Task inputs:
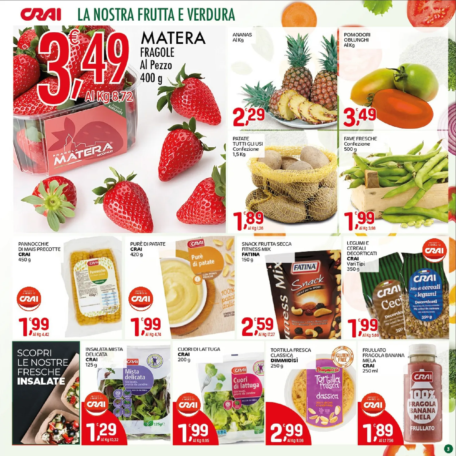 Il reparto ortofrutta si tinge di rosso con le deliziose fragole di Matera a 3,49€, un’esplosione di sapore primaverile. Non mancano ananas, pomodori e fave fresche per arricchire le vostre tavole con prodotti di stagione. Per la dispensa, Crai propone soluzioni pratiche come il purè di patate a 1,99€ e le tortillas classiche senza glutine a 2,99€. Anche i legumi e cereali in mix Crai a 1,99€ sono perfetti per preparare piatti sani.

---

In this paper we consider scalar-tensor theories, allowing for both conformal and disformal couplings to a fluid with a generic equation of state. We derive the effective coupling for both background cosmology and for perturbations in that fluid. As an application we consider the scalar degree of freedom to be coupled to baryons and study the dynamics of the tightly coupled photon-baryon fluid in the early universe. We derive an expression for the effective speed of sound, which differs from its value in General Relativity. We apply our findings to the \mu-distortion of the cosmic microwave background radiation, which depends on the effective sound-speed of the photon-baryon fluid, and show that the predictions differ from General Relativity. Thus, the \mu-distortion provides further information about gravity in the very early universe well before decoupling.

* * *

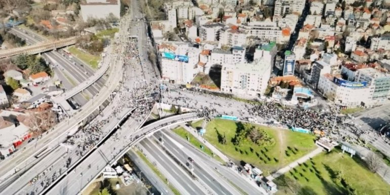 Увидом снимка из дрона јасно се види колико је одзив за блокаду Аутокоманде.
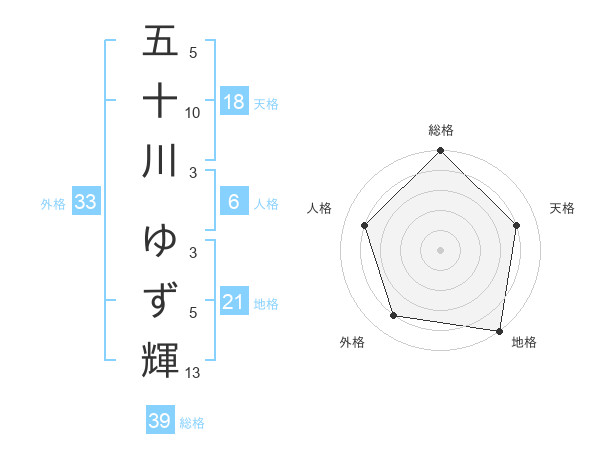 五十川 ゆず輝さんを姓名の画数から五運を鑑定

Activity: Exact copy, pictures excluded: every line above from the one containing "Увидом снимка из" to the one containing "五十川 ゆず輝さんを姓名の画数から五運を鑑定", inclusive, and nothing more.

Solved problem:
 Увидом снимка из дрона јасно се види колико је одзив за блокаду Аутокоманде.
 五十川 ゆず輝さんを姓名の画数から五運を鑑定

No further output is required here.